Menurut sejumlah data, agama Islam masuk ke wilayah nusantara ini sejak abad ke-13 dan ke-14 Masehi.  Agama Islam masuk ke Indonesia tak hanya dibawa oleh pedagang Gujarat dan Arab, tapi juga oleh pedagang Cina. Oleh karena itu, ia menyebutkan, Islam masuk ke Indonesia ini melalui tiga jalur, yakni Arab, Gujarat, dan Cina.

Islam Nusantara Mulai Diterima Dunia

Para ulama Afghanistan, Thailand, Malaysia, Filipina, dan sejumlah negara Timur Tengah juga mulai menyekolahkan anak-anak mereka ke Indonesia untuk belajar Islam ala Ahlussunnah wal Jamaah (Aswaja).
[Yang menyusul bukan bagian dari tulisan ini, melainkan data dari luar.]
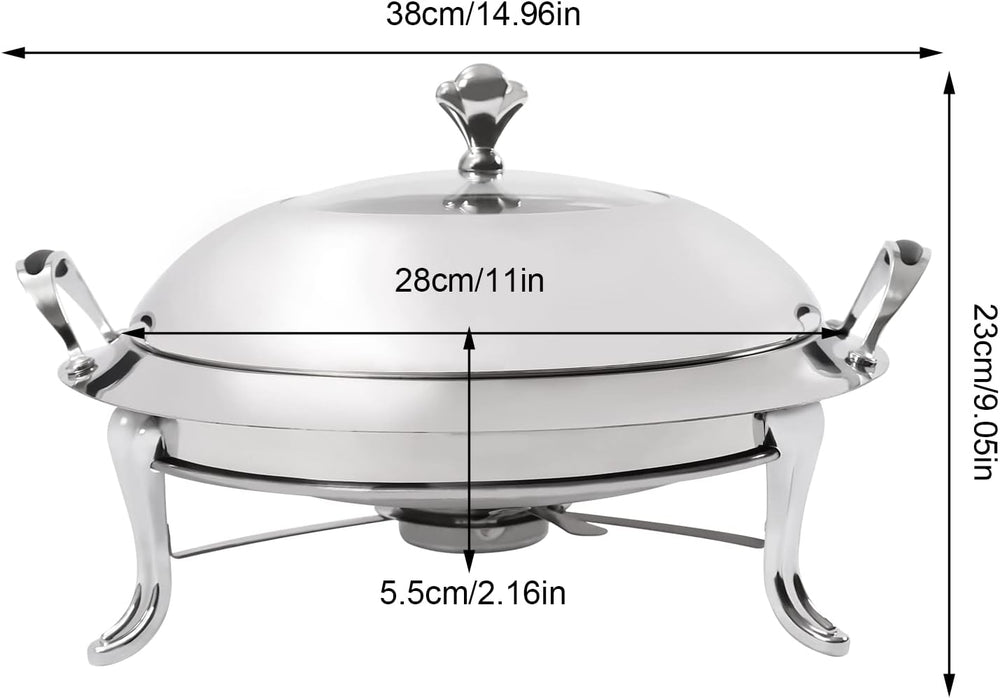 SABUIDDS 3L Edelstahl Warmhaltebehälter Speisenwärmer mit Rund Mahlzeit Brennpastenbehälter Chafing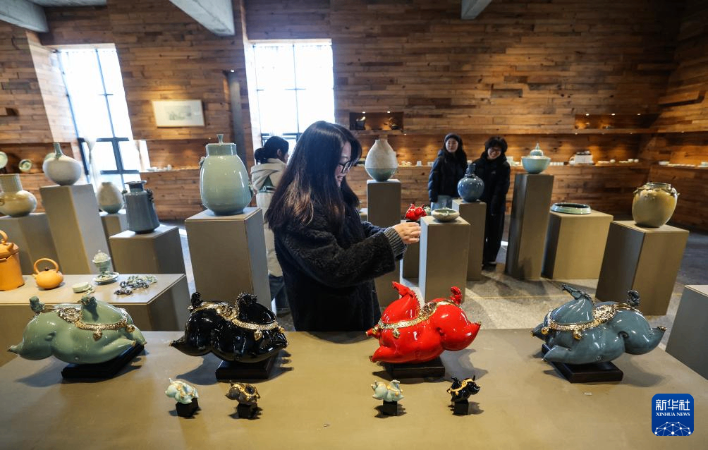 1月8日,游客在金华市金东区古婺窑火陶瓷文化艺术馆里欣赏马年陶艺“福马乾坤”。古婺窑火陶瓷文化艺术馆是以婺州窑为核心打造的文旅融合景区,包含陶瓷制作车间、婺州窑展厅及博物馆等区域。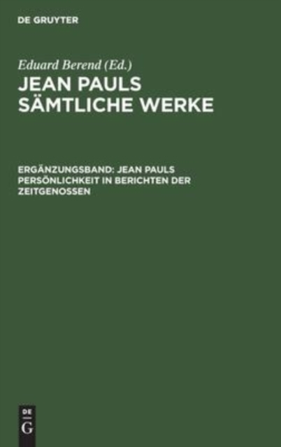 TITLE: Jean Pauls Personlichkeit in Berichten Der Zeitgenossen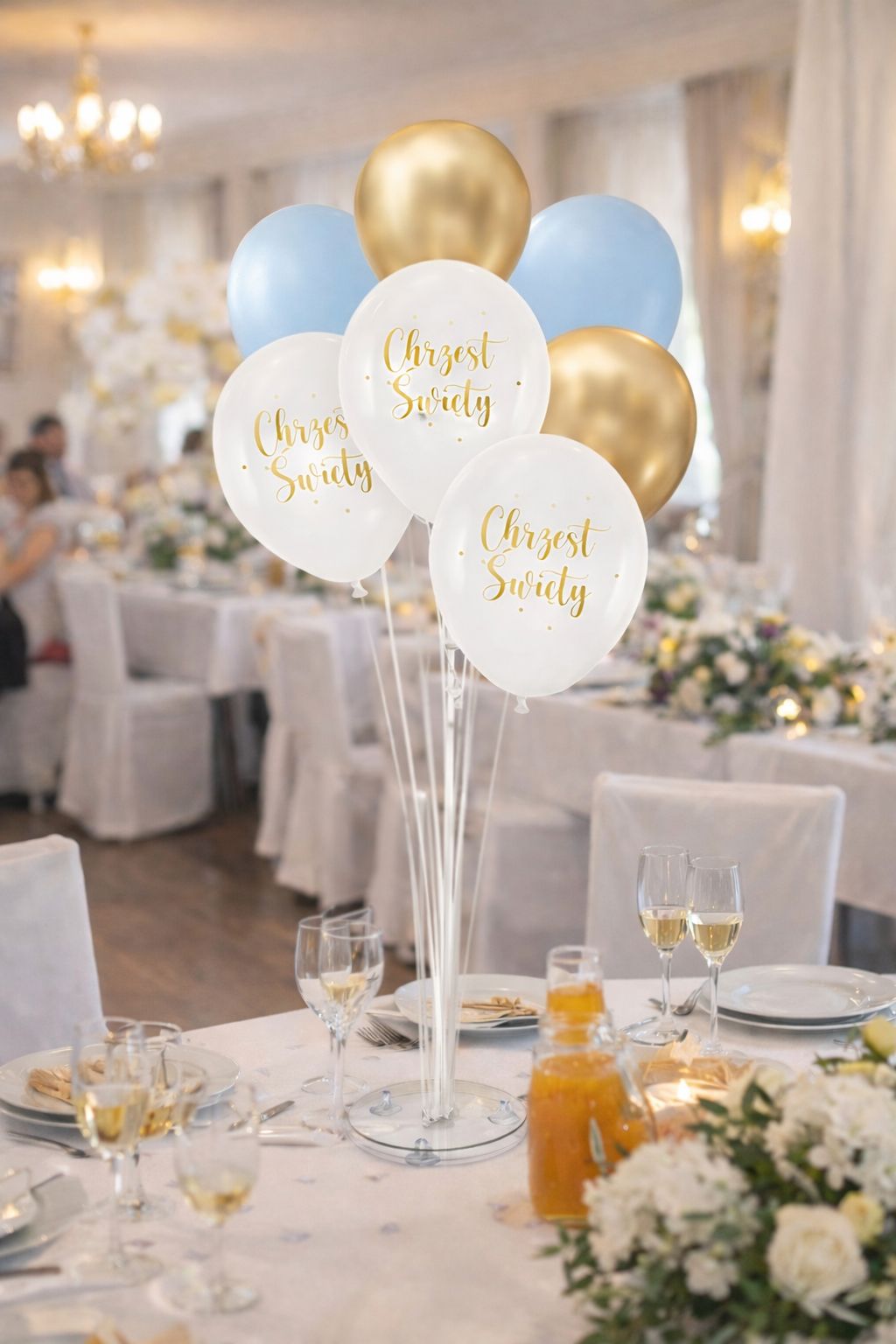 Połączenie złotego chromu, delikatnego błękitu i białych balonów z napisem „Chrzest Święty” tworzy klasyczną, elegancką kompozycję.

Kontra Terhadap Islam Nusantara di Twitter

Rangkuman beberapa kritikan mereka yang paling sering disuarakan. Pertama, Islam Nusantara dikritik terlalu 'Jawa', karena mengambil contoh Wali Songo sebagai ikon Islam Nusantara. Kedua, Tidak ada Islam Nusantara, Islam Arab, atau lainnya. Hanya ada satu Islam.  Ketiga, Islam Nusantara dianggap kreasi kaum 'liberal', yang disokong Amerika Serikat dan Negara-negara barat untuk memecah-belah Islam. Keempat, salah satu definisi Islam Nusantara dianggap sebagai 'Vickiisasi', karena bahasa yang digunakan cenderung tidak jelas dengan menggunakan kata serapan yang terlalu banyak. Terakhir, kelima, Islam Nusantara tidaklah murni berasal dari Indonesia, sebab juga didominasi elemen asing seperti unsur India dan China.

----

Apakah Islam Hanya Satu ?

Semua orang pasti setuju, ISLAM HANYA SATU. Semua adalah umat nabi Muhammad yang sama. Tapi itu pada tataran idealitas.

Pada tataran realitas tidak demikian, ada Islam Sunni, Syiah, Khawarij, Mu’tazilah, Salafiyah, dsb. Itu baru dari aspek golongan.


Sementara dari golongan Sunni saja ada beberapa mazhab: Hanafi, Maliki, Syafii, Hambali, dsb.

Perkembangan berikutnya, ada Wahabi, Jamaah Tabligh, Ahmadiyah, Bahai, dsb.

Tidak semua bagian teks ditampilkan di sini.